Dataset section ▸
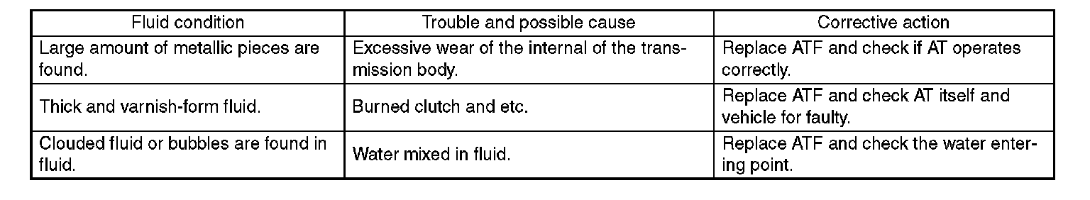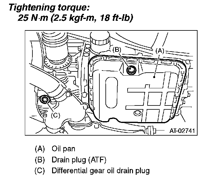 NOTE: When replacing ATF, check the inside condition of the transmission body by inspecting the drained ATF.
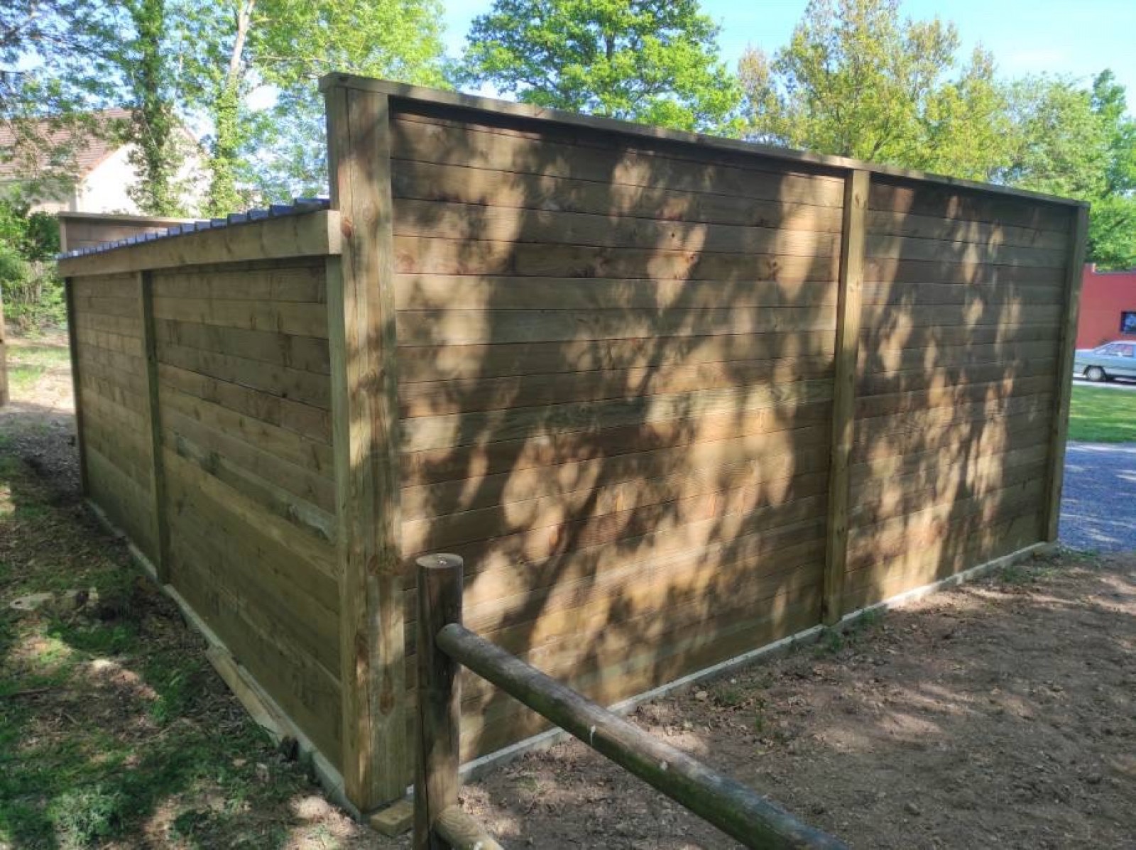 Début de chantier sur la commune de conche en ouche garage toit plat de 6,50x6,00m en clin Douglas de 42 mm. 2 porte basculant gris anthracite
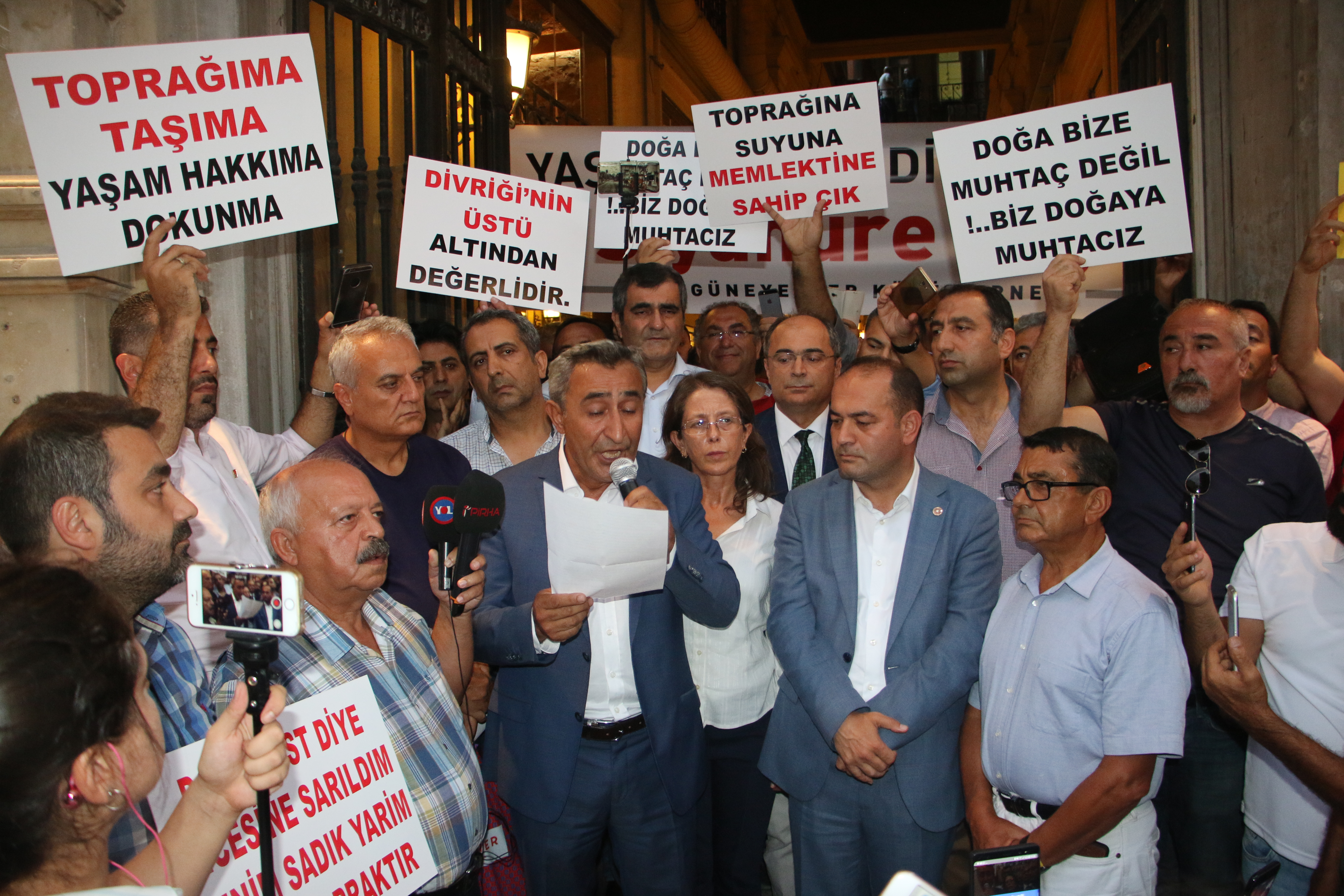 Basın açıklamasını Divriği Kültür Derneği Başkanı Cafer Yıldız yaptı. Yıldız, altın arama faaliyeti yapılmak istenen Mursal’ın Divriği’nin yegane su kaynağı olan bir bölgesi olduğunu söyledi. “Divriği’nin içme suyu ve tarımsal sulama suyu bu bölgedeki barajdan sağlanmaktadır. Aynı zamanda tarımsal üretimin ve hayvancılık faaliyetinin yapıldığı bir bölgedir. Divriği’nin yaşam kaynağıdır. Can damarıdır” diyen Yıldız bu altın madeni işletmesinin kurulması ile yapılmak istenen içme suyu projesinin çöpe gideceğini vurguladı.

What you have to do ▸
Return exactly the lines that begin with the one containing "Début de chantier" and end with the final line of the data above; include no pictures.

Expected output ▸
 Début de chantier sur la commune de conche en ouche garage toit plat de 6,50x6,00m en clin Douglas de 42 mm. 2 porte basculant gris anthracite
 Basın açıklamasını Divriği Kültür Derneği Başkanı Cafer Yıldız yaptı. Yıldız, altın arama faaliyeti yapılmak istenen Mursal’ın Divriği’nin yegane su kaynağı olan bir bölgesi olduğunu söyledi. “Divriği’nin içme suyu ve tarımsal sulama suyu bu bölgedeki barajdan sağlanmaktadır. Aynı zamanda tarımsal üretimin ve hayvancılık faaliyetinin yapıldığı bir bölgedir. Divriği’nin yaşam kaynağıdır. Can damarıdır” diyen Yıldız bu altın madeni işletmesinin kurulması ile yapılmak istenen içme suyu projesinin çöpe gideceğini vurguladı.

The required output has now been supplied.